In the most recent years, we’ve seen the rise of more consumer forward virtual reality experiences with the Oculus Rift, HTC Vive, and PSVR. None of these machines are perfect, nor are they inexpensive, but new tech comes with a hefty price tag in it’s infancy. Though these forms of VR are surely impressive and are capable of creating interesting and amazing experiences, the price of entry and the lack of must have titles, as well as the tethered nature of the equipment in its current state is too much baggage for the technology to fully cross over.
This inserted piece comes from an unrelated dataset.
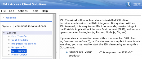 - SSH ist zu einem wichtigen Werkzeug für den Zugriff auf IBM i geworden. Wenn auf Ihrem Gerät bereits ein SSH-Client installiert ist, erkennt ACS diesen. Mit einem einzigen Klick öffnet sich ein SSH-Terminal-Emulator für Ihr System
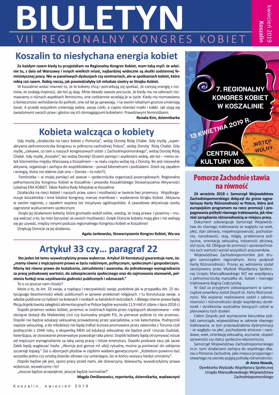 Zachęcamy do zapoznania się z kwietniowym wydaniem koszalińskiego biuletynu, w którym znajdą Państwo m.in. artykuły nt. „Koszalin to niesłychana energia kobiet”, „Kobieta walcząca o kobiety”, „Artykuł 33 czy … paragraf 22”, a także o Karcie Różnorodności na Pomorzu Zachodnim.

Though, there are companies that are attempting to bring a fully immersive VR experience to consumers– just not in your living room. From augmented treadmills to what is essentially a human hamster ball– companies are looking for ways to break into the next level of depth when it comes to the virtual space we all crave. Zero Latency has taken a leap forward with their MindTrek VR venture.

Essentially, MindTrek VR takes unique technology that they’ve developed to completely immerse yourself and a group of friends– or strangers– in games tailored for this trip into a virtual dimension. The experience begins with the equipment; a backpack containing a custom built, high-performance Alienware PC helps power your play as well as a Razer headset and an OSVR HDK2 visor with 2K resolution that together will transport you into another realm. The virtual playground takes what is essentially an open warehouse littered with proprietary motion tracking cameras and sensors and through the power, the clarity, and the omission of lag they deliver the truest form of virtual reality I’ve yet to experience.

We had the opportunity to play a closed session of Zombie Survival at the new MindTrek VR facility in Woburn, MA– the largest of it’s kind in the United States. In our experience we were able to see a behind the scenes look at some of the technology that makes this experience possible. However, we cannot share everything that we saw but will share what we can.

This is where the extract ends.